In general, the application performs high-dimensional semantic representation on documents and queries based on a deep learning model (such as a BGE model), and can capture deep semantic association. First, a high-dimensional semantic vector is generated for a document and a query sentence in a knowledge base through a BGE model. These vectors represent the overall semantic features of the document and are not limited to keyword-level information. And then, calculating the similarity between the query vector and the document vector by using cosine similarity or Euclidean distance, and measuring the semantic correlation degree of the query vector and the document vector. In addition, the system employs FAISS-based vector index libraries to accelerate the vector retrieval process by clustering patches and efficient Approximate Nearest Neighbor (ANN) algorithms, encoding vectors into short codes by dividing the vector space into multiple subspaces and using quantization techniques in each subspace. During retrieval, nearest neighbors are approximately calculated by searching the short codes, so that the calculated amount is remarkably reduced, the retrieval process is accelerated, and the instantaneity and the accuracy of large-scale knowledge base retrieval are ensured.
And step S12, identifying the professional terms in the government affairs document by utilizing a target pre-training natural language processing model so as to acquire a corresponding identification result.
In the embodiment, before the special terms in the government affair public domain are identified by using a target pre-training natural language processing model, training an initial pre-training natural language processing model by using a target government affair public language corpus and a government affair public domain special word list to obtain a pre-training natural language processing model, wherein the government affair public domain special word list comprises political nouns, strategic nouns and policy terms, supplementing nouns in the government affair public domain special word list by using an external database to obtain a supplementing result, wherein the external database comprises government files, white paper books and policy documents, and training the pre-training natural language processing model by using the supplementing result to obtain the target pre-training natural language processing model. That is, the application adopts BERT (Bidirectional Encoder Representations from Transformers, bidirectional transducer model) model to carry out semantic analysis, and is specially used for identifying political nouns, strategic nouns and related terms in government documents. It should be noted that the present application adopts a large-scale pre-trained BERT model as a basic model, and makes it better understand the technical terms such as political terms, strategic terms, etc. related to the documents by Fine tuning (Fine-tuning) on the government document corpus in a specific field.

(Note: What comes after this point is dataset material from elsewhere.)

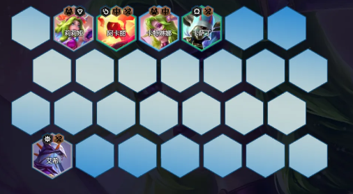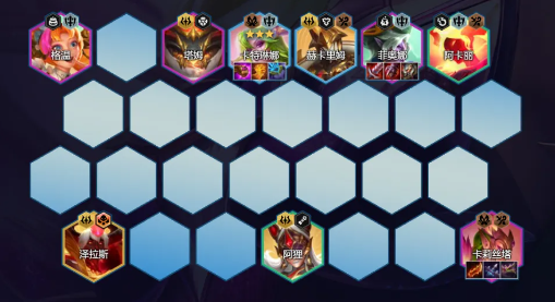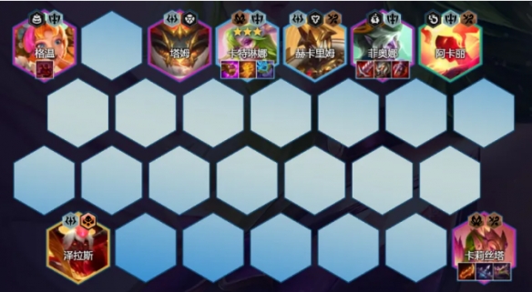 站位方面卡特前排挨打先手给重伤和AOE伤害,剑姬对位对手C位有概率秒杀对手C位,滑板鞋跟剑姬站同侧提供破甲,更快过掉对手前排,有泽拉斯命运给他!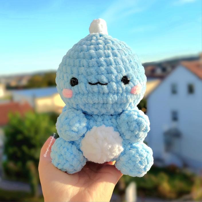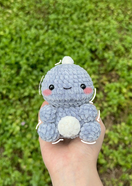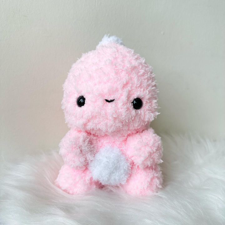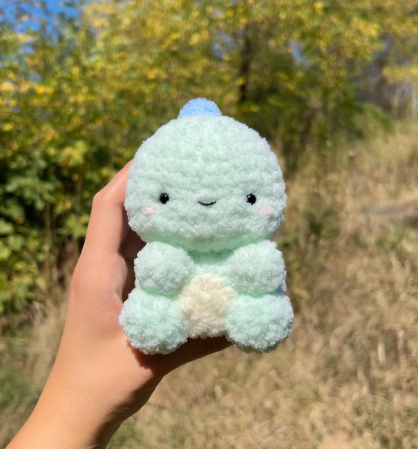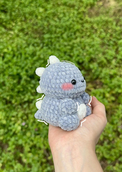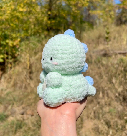 This is a beginner-intermediate crochet pattern for an adorable baby dino plushie!

The fine tuning process adjusts model parameters based on labeling data (e.g., labeling documents of labels such as political nouns, strategic terms, etc.) to suit the particular context of the government documents. And meanwhile, a word list special for the government and official document field is introduced, wherein the word list comprises political nouns, strategic nouns, policy terms and the like. The vocabulary encompasses not only common terms but also some political, economic terms of relative expertise and coldness. The introduction of the vocabulary can effectively improve the accuracy of noun recognition and help the BERT model to recognize special terms which are difficult to capture by some standard models.
In order to enhance the recognition capability of the model on the newly appeared nouns or terms, a dynamic expansion mechanism is designed. The mechanism can automatically expand the terms in the vocabulary by analyzing newly uploaded documents or data fed back by users in real time. The expansion process ensures that new political or strategic nouns can be identified in time based on the matching of new words in the data to the context. Specifically, nouns are supplemented with an external knowledge base (e.g., government documents, white papers, policy documents, etc.). Based on the prediction result of the BERT model, the unrecognized nouns are marked and fed back to the training set for retraining so as to enhance the recognition capability of the model.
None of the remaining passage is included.